That is correct, but that part relies only on the part of the index dependent
on toDate.

> based on the index values because 2004-12-02 is between the from and end
> date. However, b and d would be excluded immediately because the the from
> date is greater than 2004-12-02 and would save the optimizer from even
> reading the table for these index entries because the fromDate is in the
> index.

That is not correct. Postgres currently doesn't have a way to skip ahead
on an index scan. So what will happen is that a, b, c, d and will all be
considered and b and d removed by a filter rule.

> This may be a somewhat extreme example but my experience is in most systems
> old historical data makes up the bulk of the data and newer data is a much
> smaller amount. In addition most people are interested in data from the
> most recent month.

The idea of having a toDate index is good, it is just that having a multicolumn
index doesn't help for this problem. In fact by making the index wider, it
will slow things down.

> Of course I may be mistaken about the data distribution.
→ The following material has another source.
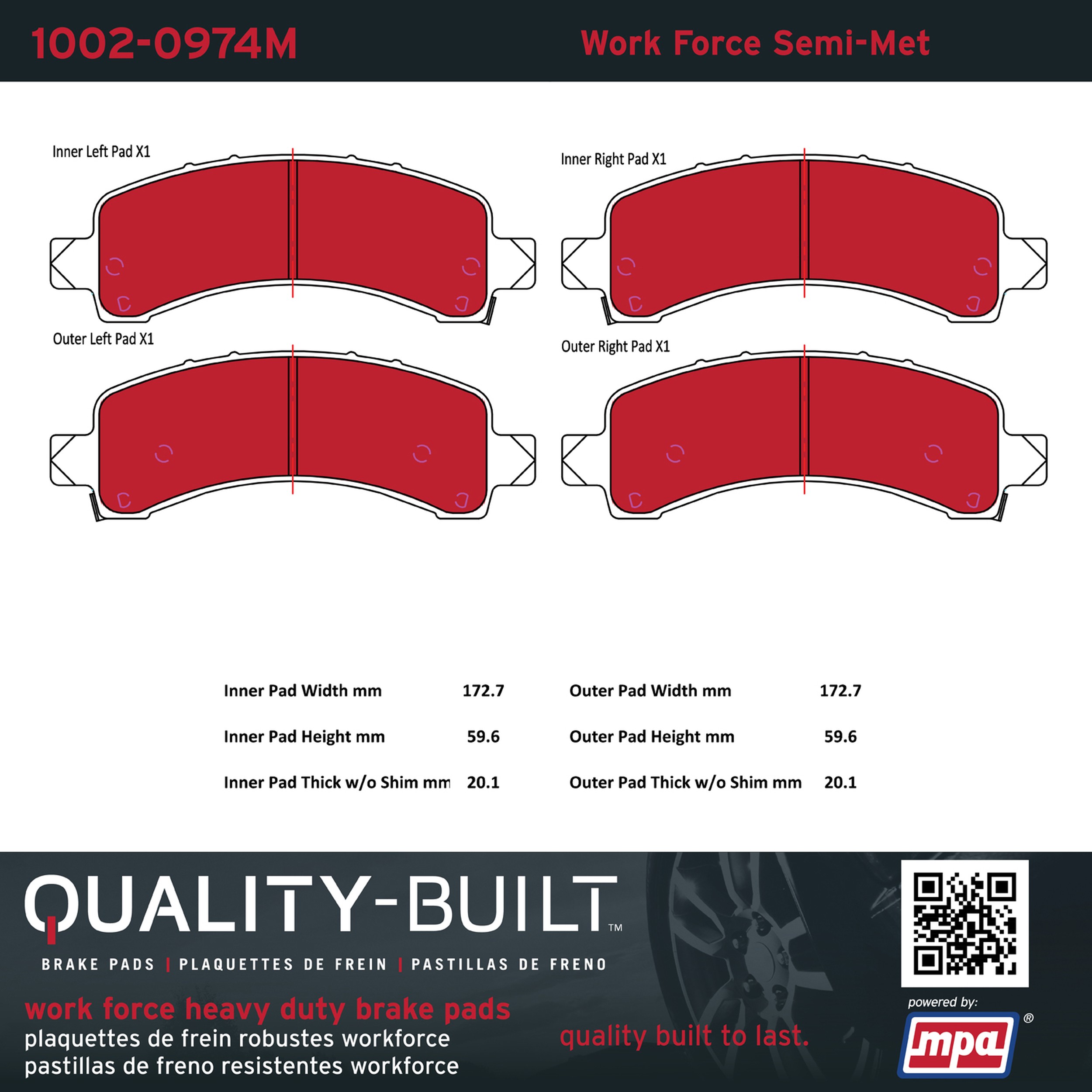 - Hardworking vehicles need hardworking brake pads, and Quality-Built Work force brake pads deliver every time. Specially formulated friction compounds are designed for high heat, heavy-duty use, where repeat stop situations, off-road driving, or towing push brake pads to the limits. Work force brake pads are an excellent choice for fleet use where extended service life and maximum durability are required.

The distribution of values is what makes toDate or FromDate a better index
(if any) to use. You may very well be correct that for most people toDate
will more likely be the better index to use.

Re: Indexes?

From
vhikida@inreach.com
Date:
>
>> based on the index values because 2004-12-02 is between the from and end
>> date. However, b and d would be excluded immediately because the the
>> from
>> date is greater than 2004-12-02 and would save the optimizer from even
>> reading the table for these index entries because the fromDate is in the
>> index.
>
> That is not correct. Postgres currently doesn't have a way to skip ahead
> on an index scan. So what will happen is that a, b, c, d and will all be
> considered and b and d removed by a filter rule.
>
OK. I got it now. Thanks :)